Simulation, or Propaganda
I'm of two minds about Newsgaming, Gonzalo Frasca's intriguing site about serious games, a place where "Simulation meets political cartoons. " The premier game is September 12, in which you try to blow up Arab terrorists and wind up killing civilians whose mourners transform themselves into new terrorists. "Periodically," the site's authors say, "we will use games and simulations to analyze, debate, comment and editorialize major international news." (A recent Boston Globe has a long article about Christian games, including some big-budget efforts)
September 12 is small, well crafted, and timely. It makes a point. It displays fine craftsmanship. It's scaled right: on time, on budget, on your desktop.
September 12th isn't a simulation, not in any serious sense. It doesn't really look at tactical problems; it asserts that they are intractable. It doesn't really examine the political or ethical issues; it lets the wailing of women pass as judgment.
These issues are important, and the answers are less apparent than September 12 wants to make them. In 1943 the U.S. intentionally assassinated Admiral Isoroku Yamamoto. Radio intercepts had uncovered information about his travel plans, and Roosevelt specifically authorized a mission to shoot down his plane. It can be argued that this was murder, not war -- and indeed this objection was weighed very carefully in the Oval Office. On the other hand, many believed -- and might have been right in believing -- that Yamamoto could have led Japan to inflict, and to suffer, far greater casualties in the remaining years of combat, fighting a war that Japan had already lost. Yamamoto's murder, if murder it was, may have avoided many thousands of deaths that would, in the end, not have changed the outcome a whit.

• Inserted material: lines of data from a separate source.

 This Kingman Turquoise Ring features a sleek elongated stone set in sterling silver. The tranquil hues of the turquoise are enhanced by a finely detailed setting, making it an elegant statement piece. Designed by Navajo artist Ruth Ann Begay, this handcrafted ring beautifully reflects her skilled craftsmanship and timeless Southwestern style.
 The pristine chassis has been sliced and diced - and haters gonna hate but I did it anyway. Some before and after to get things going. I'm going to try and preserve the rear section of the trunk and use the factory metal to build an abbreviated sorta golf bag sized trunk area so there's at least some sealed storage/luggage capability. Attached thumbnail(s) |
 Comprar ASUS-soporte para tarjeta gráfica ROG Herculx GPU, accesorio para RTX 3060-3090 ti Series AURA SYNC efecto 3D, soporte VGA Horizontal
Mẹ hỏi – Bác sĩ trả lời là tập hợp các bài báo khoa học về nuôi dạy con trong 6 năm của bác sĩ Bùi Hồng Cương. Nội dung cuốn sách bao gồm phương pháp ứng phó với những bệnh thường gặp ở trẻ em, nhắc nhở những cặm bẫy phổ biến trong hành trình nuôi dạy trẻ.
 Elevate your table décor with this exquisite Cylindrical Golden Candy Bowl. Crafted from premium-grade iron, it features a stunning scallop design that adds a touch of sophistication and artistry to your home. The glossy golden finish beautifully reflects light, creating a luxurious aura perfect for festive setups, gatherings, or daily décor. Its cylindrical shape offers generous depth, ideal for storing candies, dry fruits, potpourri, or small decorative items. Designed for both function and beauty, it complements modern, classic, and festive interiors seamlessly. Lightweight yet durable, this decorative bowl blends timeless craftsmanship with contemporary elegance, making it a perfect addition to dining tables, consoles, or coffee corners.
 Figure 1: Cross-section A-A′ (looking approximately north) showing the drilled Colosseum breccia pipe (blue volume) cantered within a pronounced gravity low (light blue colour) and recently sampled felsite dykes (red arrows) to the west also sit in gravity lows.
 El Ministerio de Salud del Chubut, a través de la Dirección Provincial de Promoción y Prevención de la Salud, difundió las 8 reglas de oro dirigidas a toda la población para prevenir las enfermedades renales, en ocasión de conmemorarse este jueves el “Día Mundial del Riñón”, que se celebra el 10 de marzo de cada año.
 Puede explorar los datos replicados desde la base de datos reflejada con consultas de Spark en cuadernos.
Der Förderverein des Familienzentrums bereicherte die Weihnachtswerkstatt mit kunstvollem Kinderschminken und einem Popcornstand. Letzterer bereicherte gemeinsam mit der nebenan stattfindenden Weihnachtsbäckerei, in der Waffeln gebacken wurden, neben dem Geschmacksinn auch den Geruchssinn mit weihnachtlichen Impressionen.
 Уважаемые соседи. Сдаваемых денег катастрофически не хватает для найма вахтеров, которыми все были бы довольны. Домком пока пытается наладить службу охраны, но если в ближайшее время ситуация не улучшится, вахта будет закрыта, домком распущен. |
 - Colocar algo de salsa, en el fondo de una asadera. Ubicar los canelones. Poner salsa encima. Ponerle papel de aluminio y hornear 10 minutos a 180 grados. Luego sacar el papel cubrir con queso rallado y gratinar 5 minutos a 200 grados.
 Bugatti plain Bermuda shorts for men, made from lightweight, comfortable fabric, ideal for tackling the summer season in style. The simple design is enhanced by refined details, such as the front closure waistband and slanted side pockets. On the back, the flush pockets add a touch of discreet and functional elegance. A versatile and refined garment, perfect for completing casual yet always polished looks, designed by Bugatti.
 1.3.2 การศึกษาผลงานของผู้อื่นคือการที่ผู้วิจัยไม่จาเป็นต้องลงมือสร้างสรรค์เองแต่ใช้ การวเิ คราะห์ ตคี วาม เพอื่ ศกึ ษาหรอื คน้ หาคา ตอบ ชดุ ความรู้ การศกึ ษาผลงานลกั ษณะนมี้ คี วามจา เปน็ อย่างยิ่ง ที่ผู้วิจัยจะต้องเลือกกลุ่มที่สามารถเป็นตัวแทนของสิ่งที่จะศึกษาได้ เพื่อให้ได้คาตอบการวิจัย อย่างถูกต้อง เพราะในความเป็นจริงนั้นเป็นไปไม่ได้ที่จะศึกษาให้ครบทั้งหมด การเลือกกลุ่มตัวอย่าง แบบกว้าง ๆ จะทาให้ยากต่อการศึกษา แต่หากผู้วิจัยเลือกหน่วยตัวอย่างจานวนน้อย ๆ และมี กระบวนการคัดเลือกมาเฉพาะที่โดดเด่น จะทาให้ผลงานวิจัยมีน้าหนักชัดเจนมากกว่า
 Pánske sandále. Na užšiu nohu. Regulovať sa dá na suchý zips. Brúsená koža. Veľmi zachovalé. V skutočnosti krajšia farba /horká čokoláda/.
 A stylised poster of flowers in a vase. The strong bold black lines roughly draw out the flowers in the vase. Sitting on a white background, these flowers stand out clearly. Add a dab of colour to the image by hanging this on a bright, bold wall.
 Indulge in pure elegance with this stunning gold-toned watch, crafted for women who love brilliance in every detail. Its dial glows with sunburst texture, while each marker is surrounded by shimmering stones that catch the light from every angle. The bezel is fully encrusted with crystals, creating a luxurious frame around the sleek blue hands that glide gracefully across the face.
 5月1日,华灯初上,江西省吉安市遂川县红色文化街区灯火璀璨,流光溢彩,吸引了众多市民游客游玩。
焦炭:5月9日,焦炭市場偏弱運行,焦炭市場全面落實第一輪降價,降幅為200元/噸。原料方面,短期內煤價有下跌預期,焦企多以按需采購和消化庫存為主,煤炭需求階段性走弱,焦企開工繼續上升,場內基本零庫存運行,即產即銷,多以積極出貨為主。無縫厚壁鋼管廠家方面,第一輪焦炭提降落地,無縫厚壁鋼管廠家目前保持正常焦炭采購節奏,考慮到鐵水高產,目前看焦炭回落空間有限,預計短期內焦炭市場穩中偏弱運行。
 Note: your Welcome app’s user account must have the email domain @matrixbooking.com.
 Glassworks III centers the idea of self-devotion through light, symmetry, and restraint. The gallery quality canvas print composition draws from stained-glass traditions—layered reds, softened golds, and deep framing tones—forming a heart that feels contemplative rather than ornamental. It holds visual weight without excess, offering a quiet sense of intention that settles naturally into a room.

I was a conscientious objector during the War in Vietnam. When soldiers who embraced or acquiesced in that war came home, we called them baby killers. This was ungenerous and unkind, but -- and this is too rarely remembered today -- it was true and it needed to be said. My politics, in short, may well be close to Frasca's -- and, after all, I'm the guy who keeps complaining that games fail to address serious questions. I'm not unsympathetic to either the artistic or the political agenda.
But the kind of statement that September 12 makes can be made with very similar force in purely visual media, in Guernica, say, or in poster art -- and without implicitly (though, I suppose, necessarily) reducing the Arab Street to a small set of automata. Indeed, that's one thing the visual plane does better: it tends to affirm the individuality of each figure, their essential humanity contained within their differences. Interaction and algorithm should give us opportunities for depth and nuance, and for exploring complexity, that the visual plane can't describe.